** What this task involves **
Could you retype exactly the lines below between the one holding "Browse the entire" and the one holding "ドールは0.001ETHから", inclusive, leaving out any pictures?

** Records for this exercise **
<<<<

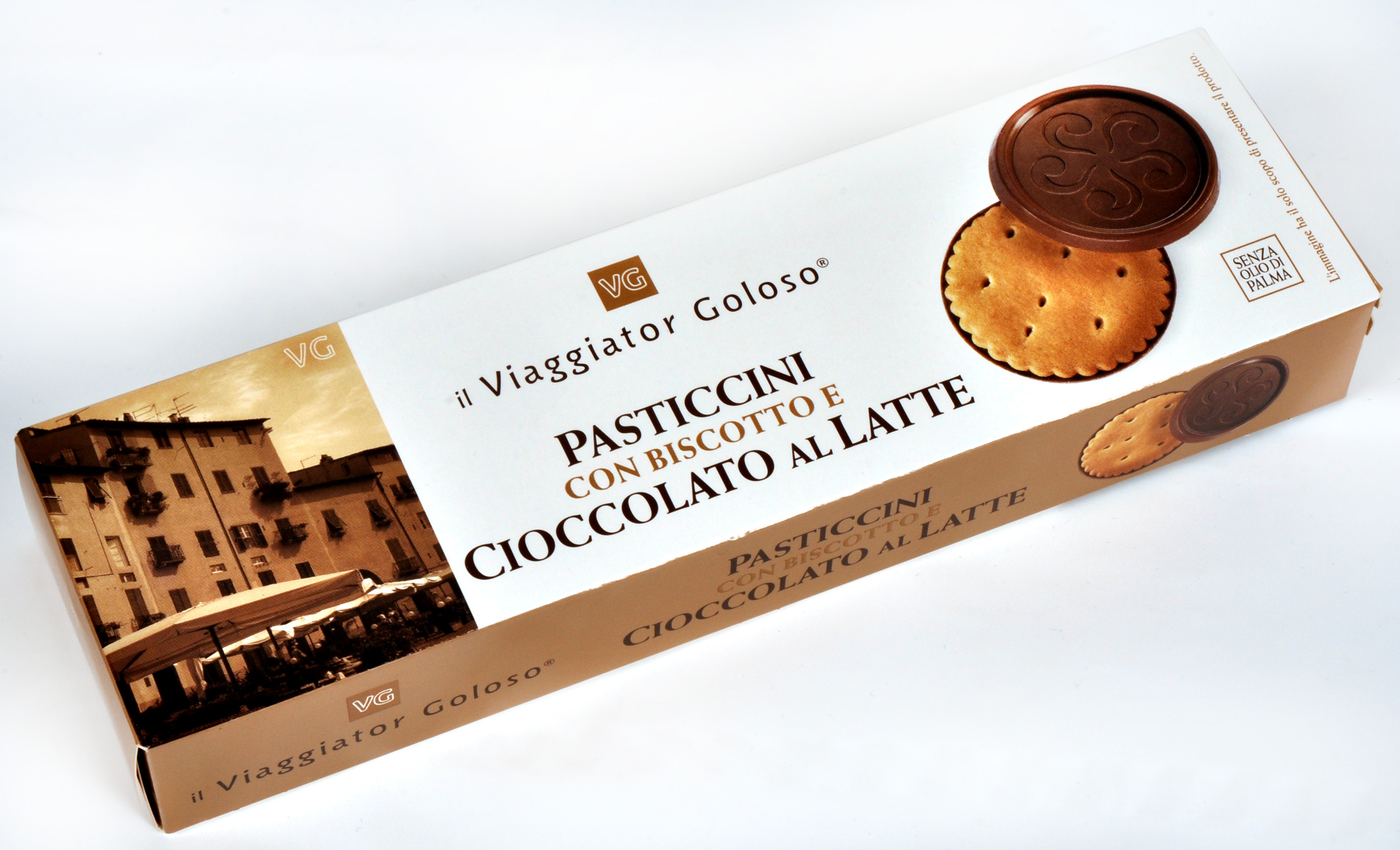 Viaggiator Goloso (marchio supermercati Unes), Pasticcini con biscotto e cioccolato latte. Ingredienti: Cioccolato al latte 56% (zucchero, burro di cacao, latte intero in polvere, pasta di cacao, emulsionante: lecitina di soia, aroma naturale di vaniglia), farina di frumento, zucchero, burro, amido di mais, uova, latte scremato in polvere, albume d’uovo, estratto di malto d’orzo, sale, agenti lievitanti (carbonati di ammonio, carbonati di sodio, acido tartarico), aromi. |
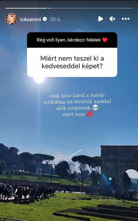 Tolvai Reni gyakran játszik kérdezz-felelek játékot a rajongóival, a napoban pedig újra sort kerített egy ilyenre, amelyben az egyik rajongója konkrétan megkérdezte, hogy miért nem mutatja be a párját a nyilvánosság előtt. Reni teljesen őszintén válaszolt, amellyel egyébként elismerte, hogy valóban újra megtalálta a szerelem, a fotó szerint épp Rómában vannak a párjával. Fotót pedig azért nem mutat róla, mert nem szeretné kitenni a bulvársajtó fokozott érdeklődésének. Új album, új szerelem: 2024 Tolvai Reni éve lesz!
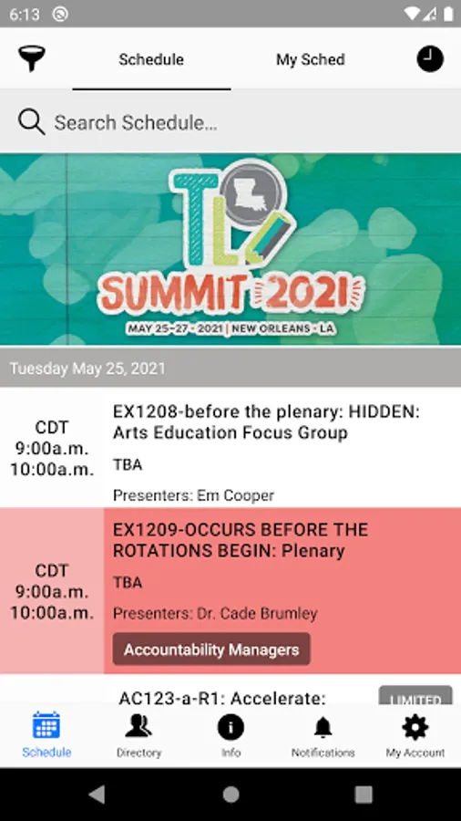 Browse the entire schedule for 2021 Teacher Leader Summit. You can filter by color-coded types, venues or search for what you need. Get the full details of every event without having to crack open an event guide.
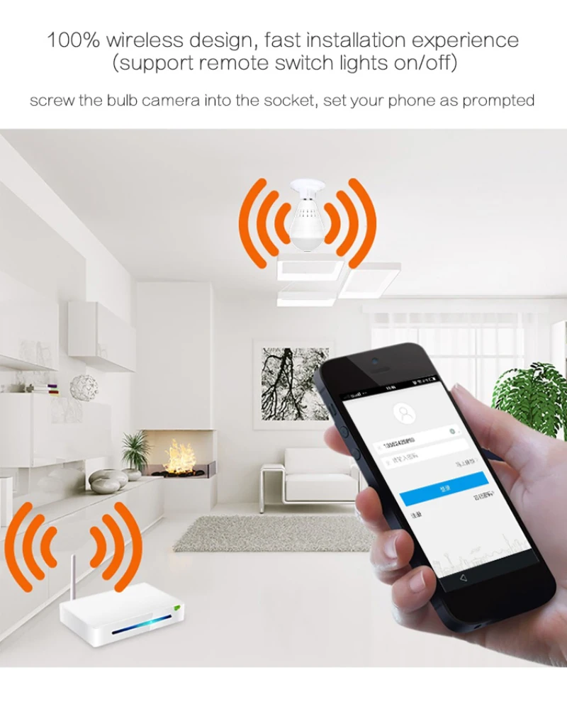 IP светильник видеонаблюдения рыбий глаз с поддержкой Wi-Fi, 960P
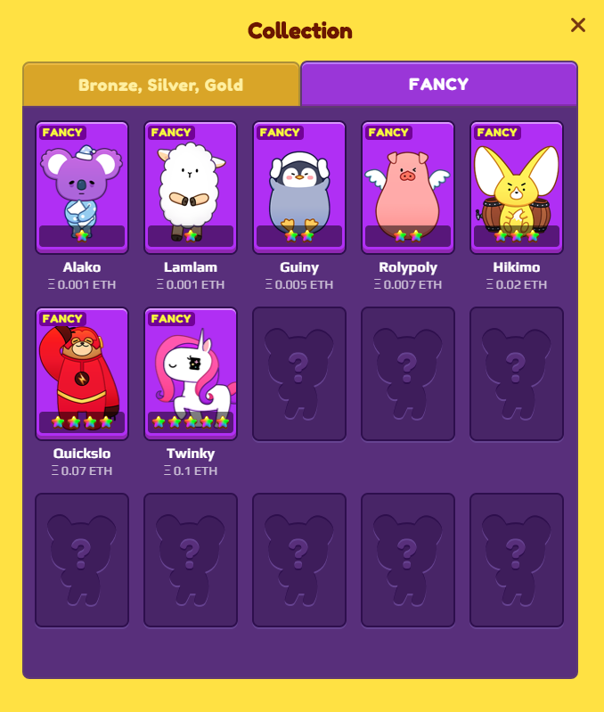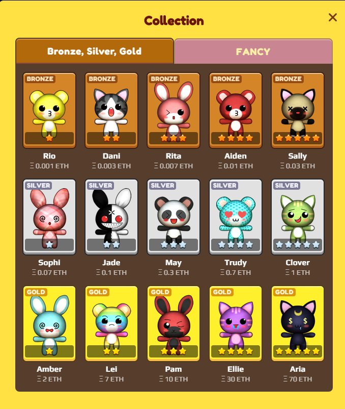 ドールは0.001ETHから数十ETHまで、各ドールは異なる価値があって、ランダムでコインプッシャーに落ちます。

>>>>
<<<<

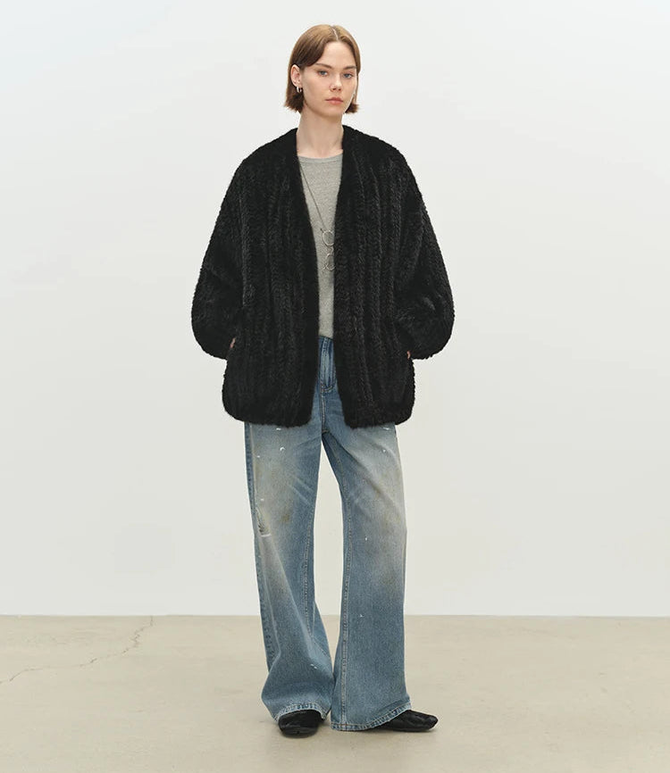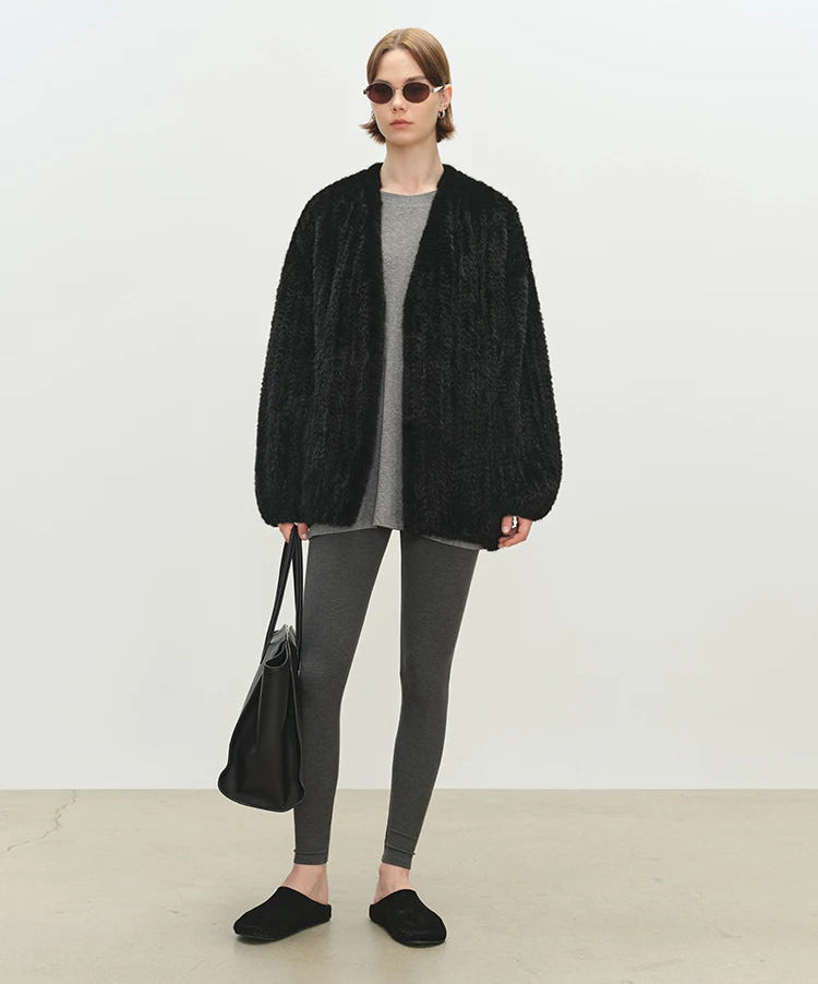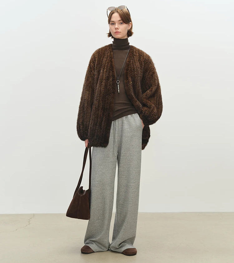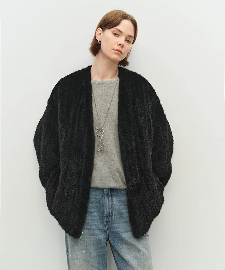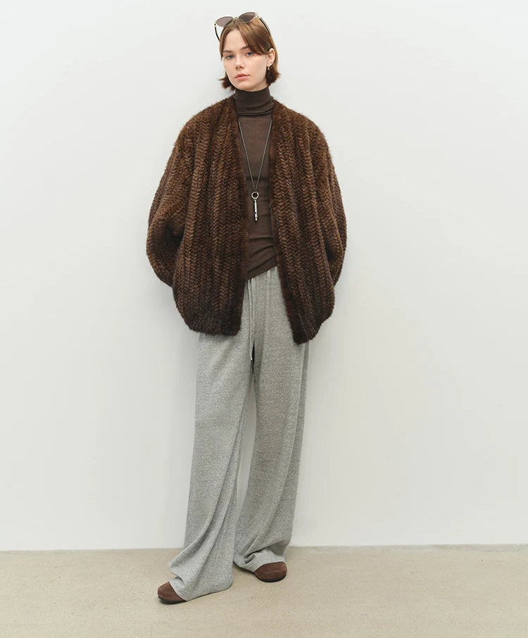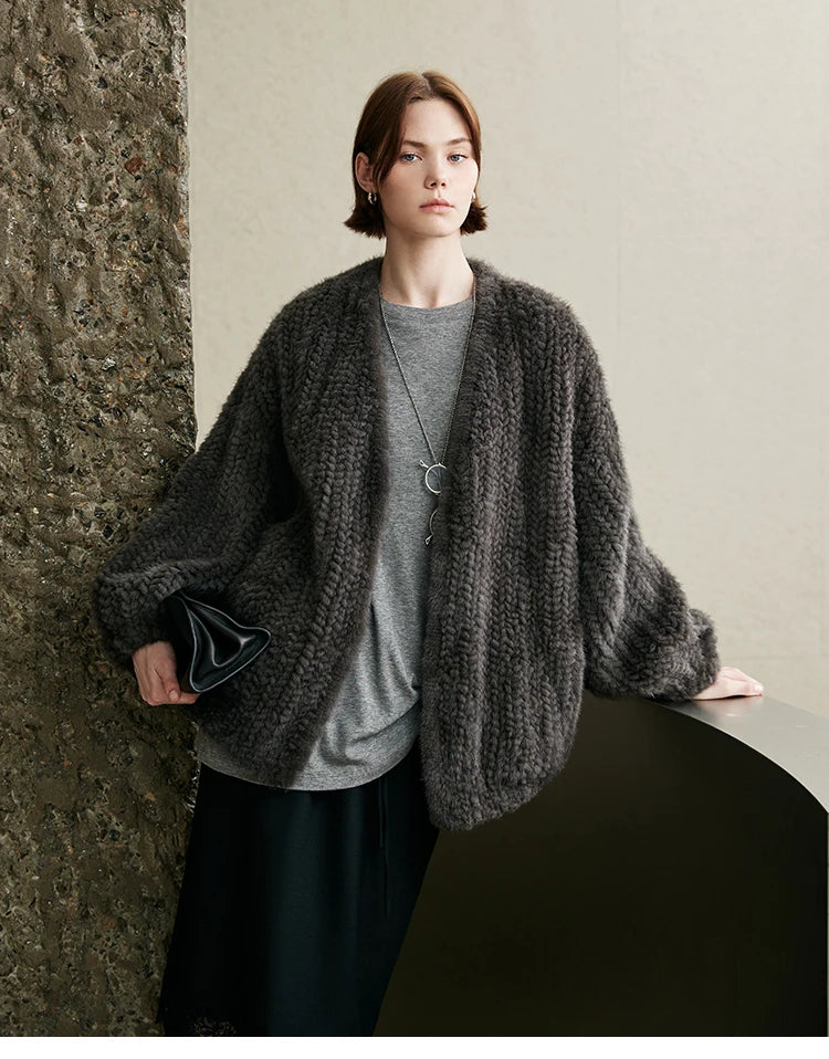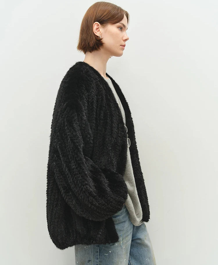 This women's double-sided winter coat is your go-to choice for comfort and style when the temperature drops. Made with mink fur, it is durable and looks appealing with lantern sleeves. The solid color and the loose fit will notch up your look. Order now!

>>>>

** Response for this exercise **
 Browse the entire schedule for 2021 Teacher Leader Summit. You can filter by color-coded types, venues or search for what you need. Get the full details of every event without having to crack open an event guide.
 IP светильник видеонаблюдения рыбий глаз с поддержкой Wi-Fi, 960P
 ドールは0.001ETHから数十ETHまで、各ドールは異なる価値があって、ランダムでコインプッシャーに落ちます。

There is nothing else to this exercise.